How to do this from HDFS :如何从 HDFS 执行此操作:
path =r'/my_path'
allFiles = glob.glob(path + "/*.csv")
df_list = []
for file_ in allFiles:
df = pd.read_csv(file_,index_col=None, header=0,sep=';')
df_list.append(df)
I think subprocess.Popen do the trick but how to extract only the filename ?我认为subprocess.Popen可以解决问题,但如何仅提取文件名?
import subprocess
p = subprocess.Popen("hdfs dfs -ls /my_path/ ",
shell=True,
stdout=subprocess.PIPE,
stderr=subprocess.STDOUT)
for line in p.stdout.readlines():
print(line)
The output is like this :输出是这样的:
b'Found 32 items\n'
b'-rw------- 3 user hdfs 42202621 2019-01-21 10:05 /my_path/file1.csv\n'
b'-rw------- 3 user hdfs 99320020 2019-01-21 10:05 /my_path/file2.csv\n'
Declaimer : This will be a long and tedious.声明:这将是一个漫长而乏味的过程。 But given the circumstance, I'll try to make it as general and reproducible as possible.但鉴于这种情况,我会尽量使它具有普遍性和可重复性。

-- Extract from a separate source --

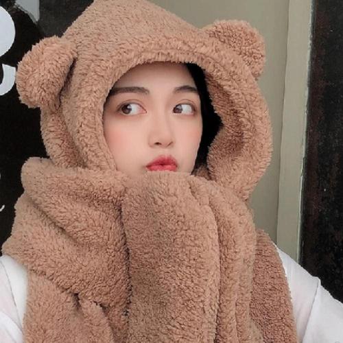 곰돌이 뽀글이 후드 모자 목도리 일체형 귀달이모자 WFG0SJP
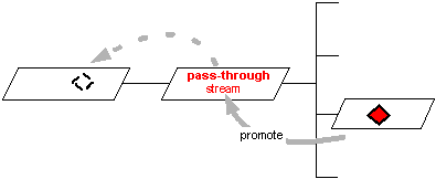 AccuRev features a special kind of stream, called a pass-through stream. A version that is promoted to such a stream automatically passes through to the parent stream. The file doesn’t become active in the pass-through stream; it does become active in the parent of the pass-through stream.

Given the requirement of no external libraries (except for pandas
?), there isn't must of a choice to take.鉴于不需要外部库( pandas
除外?),没有必须选择。 I suggest utilizing WebHDFS
as much as possible.我建议尽可能多地使用WebHDFS
。
AFAIK, installation of HDFS , by default, includes an installation of WebHDFS . AFAIK,默认情况下HDFS的安装包括WebHDFS的安装。 Following solution heavily relies on WebHDFS .以下解决方案严重依赖WebHDFS 。
To begin with, you must be aware of WebHDFS urls.首先,您必须了解WebHDFS url。 WebHDFS is installed on HDFS Namenode(s) , and default port is 50070 . WebHDFS安装在HDFS Namenode(s) 上,默认端口为50070 。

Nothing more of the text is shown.